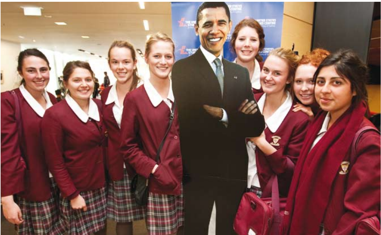
High school students

The Centre also developed an innovative class, "America: Heroes, Rebels and Renegades" that will give high school students credit towards University of Sydney degrees before they enrol. Approved by the New South Wales Board of Studies, the course has been developed to appeal to high school students with an interest in the US and a willingness to embark on university-level studies. In 2011 it will introduce Year 11 students to the complexity and diversity of the United States in both a contemporary and historical context by focusing on celebrated individuals.
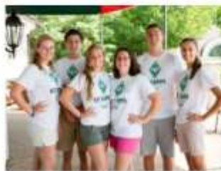
Camp Counselor Qualities

As a Camp Counselor , you will be an active participant in all camp activities and will assist your Camp Director with a variety of daily tasks, all with the goal of creating a memorable and meaningful camp experience for your campers. Our Counselors interact with our campers throughout the entire day, helping them make friends, try new things, and generally caring for their well-being. The role of a Counselor is to participate, build relationships and have fun while ensuring the physical and emotional safety of every child.
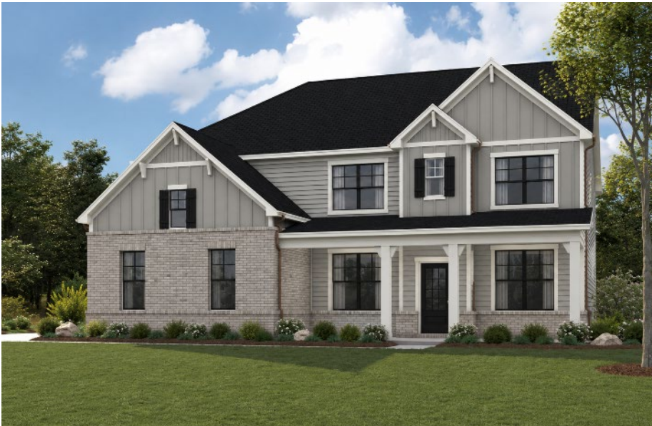
G2 Elevation Color Package 15
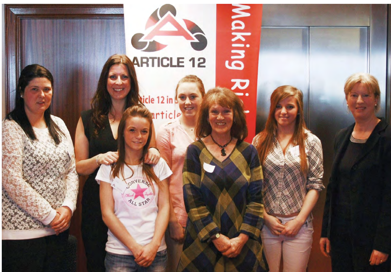
Article 12, Youth Equality Group Scotland

benefits for 'Roma' communities. 11 It is disheartening to read that the European Commission monitoring report on UK 'Roma' Integration (2014) continues to show that a lack of monitoring data means that any progress on 'Roma' integration is difficult to identify. 12 While there have been some small local projects working to improve integration, the Gypsy, Traveller and Roma communities who were consulted for this report, consider that these major streams of EU funding are yet to 'trickle down' into their communities. From the perspective of the community members lived experience, there seems to be little discernable change in the quality of their lives and experiences of social exclusion.
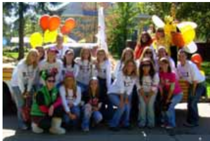
Above: Gamma Alpha Chapter was chosen "most spirited" during Homecoming 2006.

During Homecoming week Gamma Alpha Chapter won the Breezer's Cup, awarded to the week's most spirited organization, for the fifth year in a row. In addition, one of our new members was crowned Homecoming Princess. Our Crush Gram philanthropy event brought in over $100, and sisters were informed of the dangers of drunk driving by our Alcohol Awareness Week speaker.
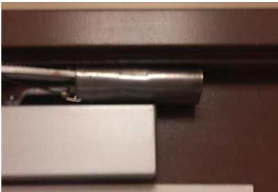
Slip over door closer and attach bungee cord to joint.
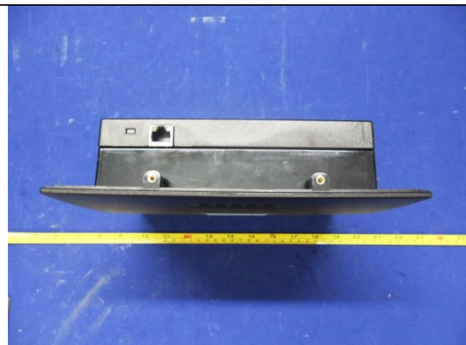
EUT – Bottom View
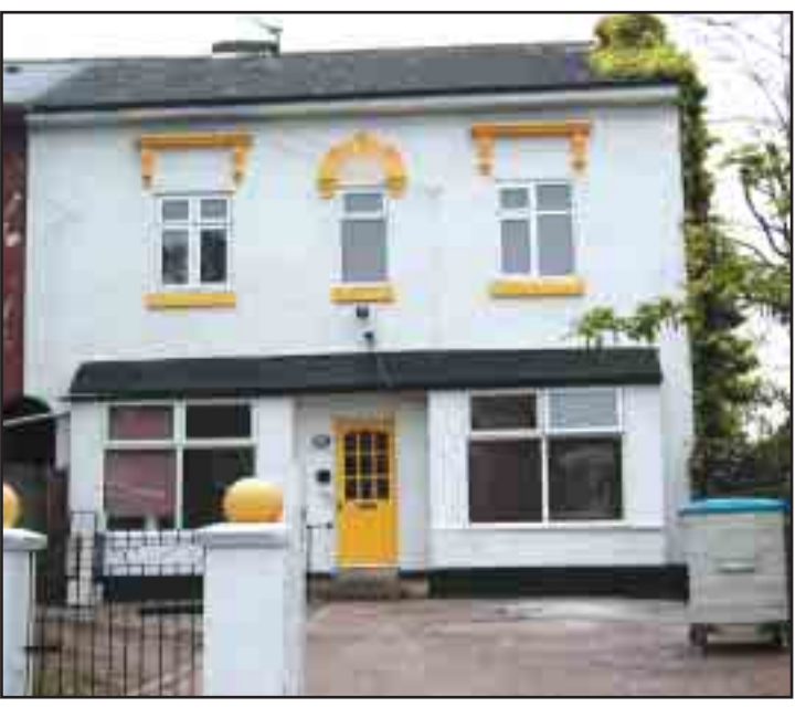
59 Frederick Road, Stechford, Birmingham B33 8AE

Find us on the web @ www.cottons.co.uk E-mail: auctions@cottons.co.uk
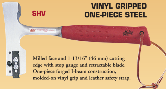
SHV VINYL GRIPPED ONE-PIECE STEEL

Milled face and 1-13/16" (46 mm) cutting edge with stop gauge and retractable blade. One-piece forged I-beam construction, molded-on vinyl grip and leather safety strap.
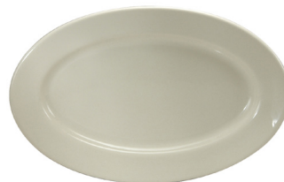
F1500002391 L 609 GRN ROL PLATTER 15 1/2
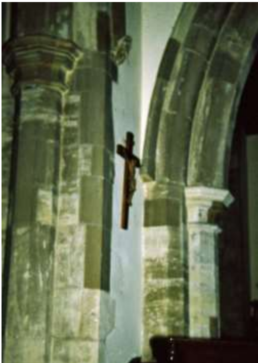
Figure 13: Capitals of Eastern Nave Bay and Chancel Arch Responds
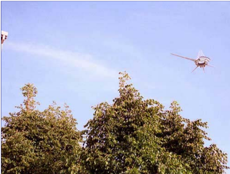
Rajman1977 Image 0013, taken with a Konica Minolta DiMAGE X on May 16, 2007, in Capitola, California.
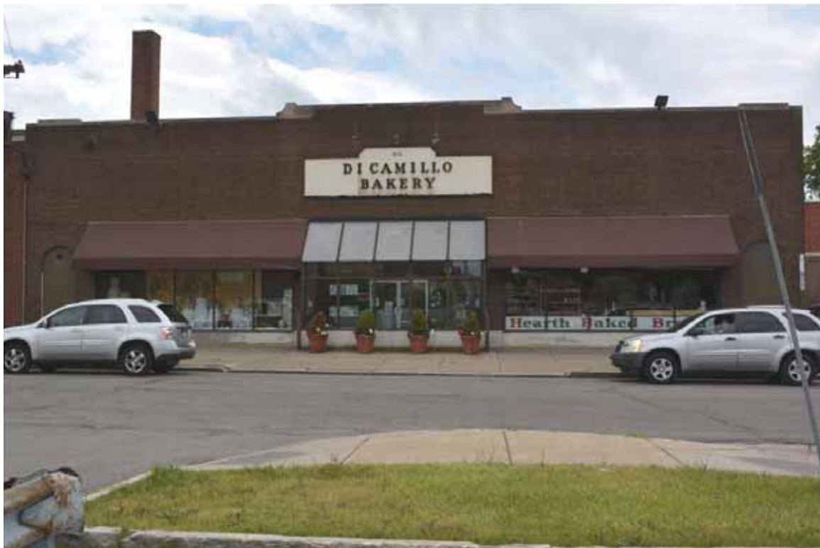
Photograph 4.110. 801 Linwood Avenue, facing south (Panamerican 2014).
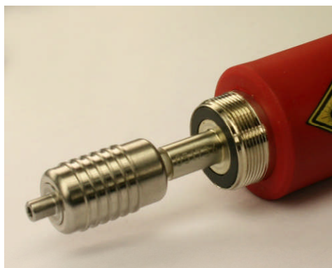
FIBERPOINT® 250 with Adapter
━━━━━━━━━━━━━━━━
Copy exactly the material above from the line with "59 Frederick Road, Stechford, Birmingham" to the line with "SHV VINYL GRIPPED ONE-PIECE STEEL", ends included, and nothing else. Leave out any picture.

(Exercise answer)
59 Frederick Road, Stechford, Birmingham B33 8AE

Find us on the web @ www.cottons.co.uk E-mail: auctions@cottons.co.uk
SHV VINYL GRIPPED ONE-PIECE STEEL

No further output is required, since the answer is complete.